Кэти отметила про себя прозвище Китайчонок Сэмми, которого раньше не слышала.
— А что вы можете сказать о двух других офицерах — Келлере и Стрингере?
— Ну… — Уайт махнул рукой, как бы отметая этот вопрос. — Эти парни были виновны. Тут не может быть никаких сомнений.
— А Брок, значит, их махинации расследовал?
— Совершенно верно. Он набросился на них как фурия — на Келлера, Стрингера и Харли, — основываясь исключительно на показаниях Сэмми Старлинга. Харли был чист, но к тому времени как Брок это понял, Том уже сам себя доконал. — Уайт поднялся на ноги, подошел к окну и стал с мрачным видом обозревать свой сад.

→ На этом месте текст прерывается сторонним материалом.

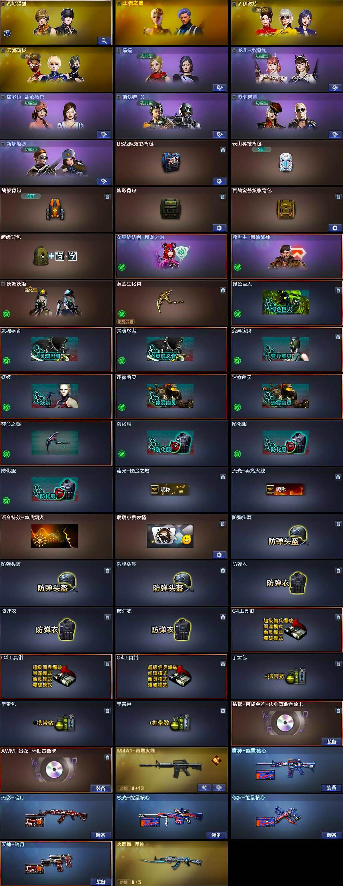 【道具】:BS战队炫彩背包,云山科技背包,战舰背包,炫彩背包,百战金芒炫彩背包,超级背包,女皇终结者-魔龙之吻,救世主-黑桃战神,妩媚妖姬,黄金生化钩,绿色巨人,灵魂忍者*2,变异宝贝,妖姬,迷雾幽灵*2,夺命之镰,防化服*3,流光-鎏金之域,流光-再燃火线,语音特效-盛典烟火,萌萌小葵表情,防弹头盔*3,防弹衣*3,C4工具钳*3,手雷包*3

— Келлер недавно вышел из тюрьмы, — сказала Кэти и начала пересказывать историю, которую поведал в полиции Сэмми Старлинг. Уайт, казалось, поначалу ее не слушал, но потом его мрачное лицо неожиданно прояснилось, он повернулся к Кэти и гипнотизировал ее взглядом до тех пор, пока она не закончила свой рассказ.
— Значит, говорите, Старлинг думает, что его принцессу похитил Келлер? — произнес он с воодушевлением в голосе. — И похищение здорово задело его за живое? Скажите, он и в самом деле сильно этим опечален?
— Вы полагаете, могло быть по-другому?
— Когда имеешь дело с Сэмми, ничего нельзя сказать наверняка. Никогда не поймешь, что он чувствует и как к кому относится. Впрочем, со старыми людьми происходят подчас прелюбопытные изменения.
— Ну не так уж он и стар…
— Сэмми столько же, сколько мне — то есть шестьдесят три года.
Кэти едва смогла скрыть удивление.
— А ведь вы весьма основательно его изучали, когда работали в отделе разведки криминальной полиции, не правда ли? Брок, во всяком случае, думает так. Считает, что у вас, возможно, имеются… хм… сведения о его прошлой жизни… Возможно, остались какие-нибудь записи, чьи-то воспоминания? — Кэти и в самом деле не знала точно, что хотел выведать Брок с ее помощью у Уайта.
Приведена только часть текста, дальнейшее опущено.